== What is being asked ==
Copy exactly the lines of the material below that run from the one containing "Glitter Christmas Tree" through the one containing "Шляпная коробка роз, ирисов и гвоздик". Copy no other lines.

== Supplied records ==
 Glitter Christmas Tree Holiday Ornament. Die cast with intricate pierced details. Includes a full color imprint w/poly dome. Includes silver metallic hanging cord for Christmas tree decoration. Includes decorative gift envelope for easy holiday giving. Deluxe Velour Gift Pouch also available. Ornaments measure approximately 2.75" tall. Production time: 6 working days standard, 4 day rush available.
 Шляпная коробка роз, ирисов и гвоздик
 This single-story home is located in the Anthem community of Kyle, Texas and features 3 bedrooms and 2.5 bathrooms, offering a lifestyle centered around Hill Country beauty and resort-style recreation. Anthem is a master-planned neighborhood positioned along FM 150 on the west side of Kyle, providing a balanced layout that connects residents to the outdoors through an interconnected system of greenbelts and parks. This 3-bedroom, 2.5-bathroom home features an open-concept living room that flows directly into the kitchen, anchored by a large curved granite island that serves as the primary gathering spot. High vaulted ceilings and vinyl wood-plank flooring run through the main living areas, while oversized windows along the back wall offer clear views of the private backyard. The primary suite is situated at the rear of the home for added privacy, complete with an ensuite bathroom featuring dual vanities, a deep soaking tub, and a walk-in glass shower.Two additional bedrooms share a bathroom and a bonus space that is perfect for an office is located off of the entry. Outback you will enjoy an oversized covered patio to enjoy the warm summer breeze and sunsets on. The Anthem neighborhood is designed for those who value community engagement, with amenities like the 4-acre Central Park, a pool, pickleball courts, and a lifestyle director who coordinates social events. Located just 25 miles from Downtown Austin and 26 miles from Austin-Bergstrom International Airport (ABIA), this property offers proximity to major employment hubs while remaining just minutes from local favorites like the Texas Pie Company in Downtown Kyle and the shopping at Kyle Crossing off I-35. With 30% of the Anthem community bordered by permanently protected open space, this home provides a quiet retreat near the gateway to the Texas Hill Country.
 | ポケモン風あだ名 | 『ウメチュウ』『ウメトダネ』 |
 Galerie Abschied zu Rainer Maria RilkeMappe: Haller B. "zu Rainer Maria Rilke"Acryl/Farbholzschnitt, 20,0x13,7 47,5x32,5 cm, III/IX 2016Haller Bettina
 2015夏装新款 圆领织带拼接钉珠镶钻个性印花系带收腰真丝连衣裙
--
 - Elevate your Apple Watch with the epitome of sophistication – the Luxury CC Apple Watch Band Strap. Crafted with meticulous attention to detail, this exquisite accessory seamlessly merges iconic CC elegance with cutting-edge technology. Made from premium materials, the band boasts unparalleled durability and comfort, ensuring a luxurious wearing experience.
...
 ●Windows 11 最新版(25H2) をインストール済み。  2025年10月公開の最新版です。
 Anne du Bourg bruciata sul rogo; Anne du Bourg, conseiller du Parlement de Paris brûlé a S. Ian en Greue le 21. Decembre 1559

== Response below ==
 Glitter Christmas Tree Holiday Ornament. Die cast with intricate pierced details. Includes a full color imprint w/poly dome. Includes silver metallic hanging cord for Christmas tree decoration. Includes decorative gift envelope for easy holiday giving. Deluxe Velour Gift Pouch also available. Ornaments measure approximately 2.75" tall. Production time: 6 working days standard, 4 day rush available.
 Шляпная коробка роз, ирисов и гвоздик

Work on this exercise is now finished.